PRD-GEN, current candidate $w_{i}$ is a predicate (i.e., $p_{j}$ ), so generate representation for $p_{j}$ onto $\lambda_{p}$ .
•

LEFT-ARC, the top element in $\sigma_{l}$ is a argument (i.e, $a_{t}$ ), so assign an arc between $p_{j}$ and $a_{t}$ , and pop the top element out of $\sigma_{l}$ into $\alpha_{l}$ .
•

RIGHT-ARC, the top element in $\sigma_{r}$ is a argument (i.e, $a_{t}$ ), so assign an arc between $p_{j}$ and $a_{t}$ , and pop the top element out of $\sigma_{r}$ into $\alpha_{r}$ .
•

NO-ARC, no arc between $p_{j}$ and the top element in $\sigma_{l}$ or $\sigma_{r}$ , so pop the top elements out of $\sigma_{l}$ or $\sigma_{r}$ into $\alpha_{l}$ or $\alpha_{r}$ .
•

SHIFT, end of the detection of arguments for $p_{j}$ . Pop all the elements out of $\alpha_{*}$ into $\sigma_{*}$ , clear $\lambda_{p}$ , and moves $w_{i}$ from $\beta$ to $\sigma_{l}$ while popping the top element out of $\sigma_{r}$ .

Parsing scheme.

The vanilla transition framework generally process the words in a sentence incrementally from left to right, while such reading scheme may be rigid for SRL parsing. Intuitively, it is always easier for humans to first grasp the core ideas then dig into more details. To this end, we consider a close-first parsing procedure (Goldberg and Elhadad 2010; Cai and Lam 2019; Kurita and Søgaard 2019). We first perform recognition for any possible predicate, e.g., $p_{j}$ , and then the process of detecting the arguments of $p_{j}$ starts down the path from near-to- $p_{j}$ to far-to- $p_{j}$ , until all the arguments are determined.

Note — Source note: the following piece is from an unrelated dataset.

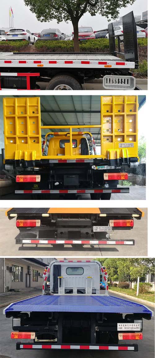 | 配置 | 該車主要用于道路摩托車清障,主要專用裝置為平板、絞盤、鋼絲繩、油缸。托舉質(zhì)量:500kg;側(cè)防護采用冷彎型鋼/Q235,螺栓連接;后防護采用冷彎型鋼/Q235,焊接,截面尺寸100×50mm,離地高450mm。平板后部選裝上尾板及選裝無上尾板。隨底盤選裝排半駕駛室,選裝改側(cè)窗的駕駛室,選裝新前臉駕駛室,選裝不同的側(cè)門結(jié)構(gòu),選裝新結(jié)構(gòu)的保險杠。ABS防抱死制動系統(tǒng)生產(chǎn)廠家/型號:1.廣州瑞立科密汽車電子股份有限公司/CM4XL-4S/4M;2.浙江萬安科技股份有限公司/VIE ABS-II。選裝龍門架樣式。 | ||
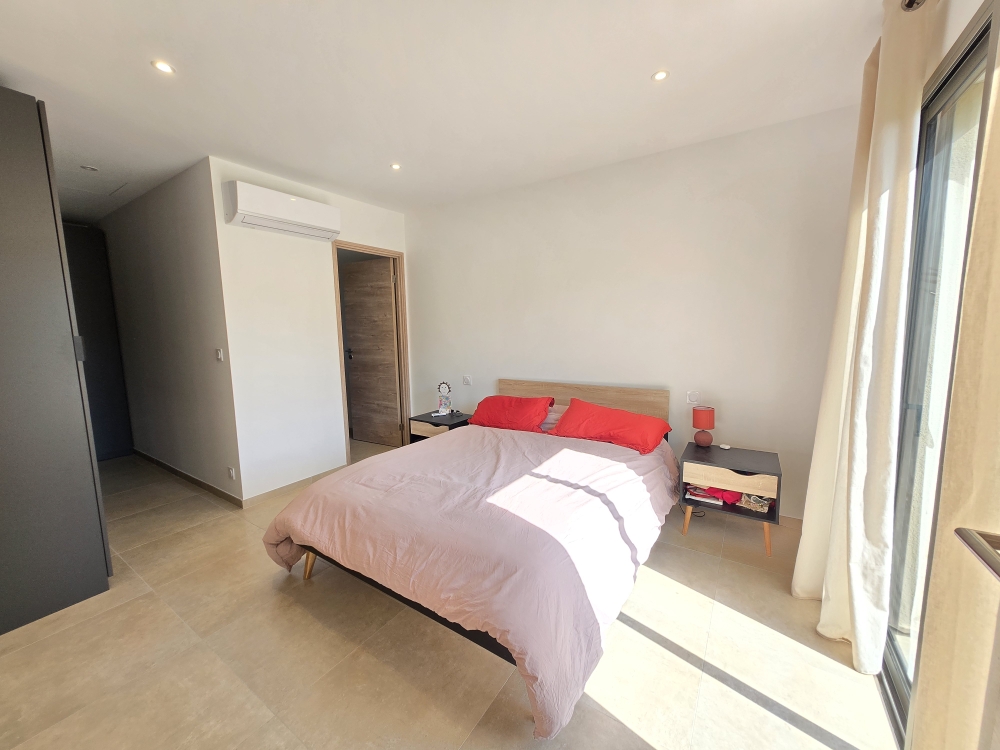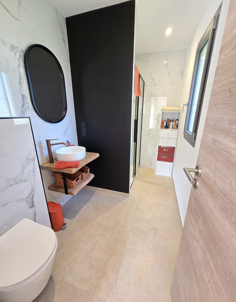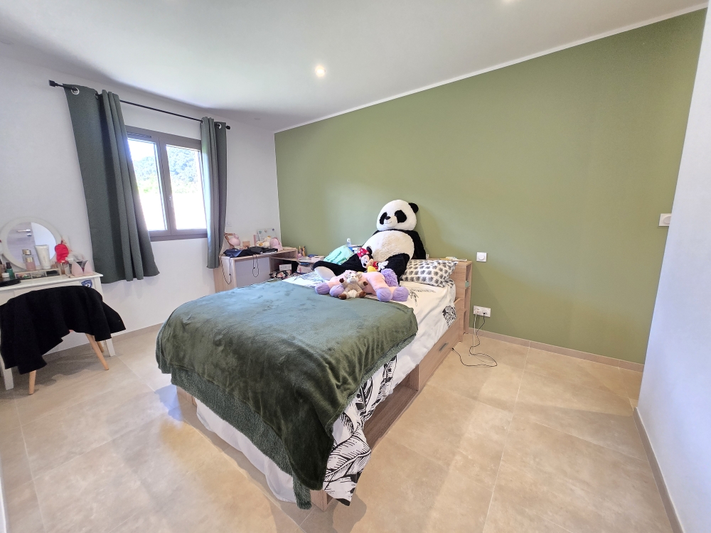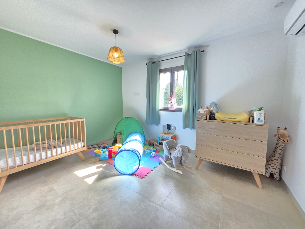 La maison propose quatre chambres : 3 chambres avec dressing situées dans l’espace nuit qui comprend également une salle d’eau, ainsi qu’un WC indépendant; à l’opposé une suite avec une salle d’eau/wc et un dressing.

Given a sentence, before conducting the transitions, the $\sigma_{r}$ will pre-load all the words from $\beta$ except the first word in reverse order. When a predicate is determined, the system starts searching for its arguments in leftward and rightward alternatively, from near to far. Once an arc is confirmed, a labeler assigns a role label for the argument. It is worth noticing that only a subset of actions are legal to a certain transition state. And invalid actions can lower encoding efficiency, and lead to bad directed graph structure. For example, a NO-PRD action must be followed by either NO-PRD or PRD-GEN action, and *-ARC must starts by a PRD-GEN action. We thus also design some constraints for each action. Figure 2(a) shows the transition process based on the example sentence in Figure 1.

The Vanilla Neural Model

Word representation.

We first use the word form representation under two types of settings: $\bm{v}^{w}_{i},\tilde{\bm{v}}^{w}_{i}$ , where $\bm{v}^{w}_{i}$ is the representation initialized with a pre-trained embedding vector for word $w_{i}$ , which further can be trained, and $\tilde{\bm{v}}^{w}_{i}$ is the fixed version. We also use convolutional neural networks (CNNs) to encode characters inside a word $w_{i}$ into character-level representation $\bm{v}^{c}_{i}$ . In addition, given the input sentence $S$ , we exploit the POS tag of the tokens, and use the embedding $\bm{v}^{pos}_{i}$ via a lookup table.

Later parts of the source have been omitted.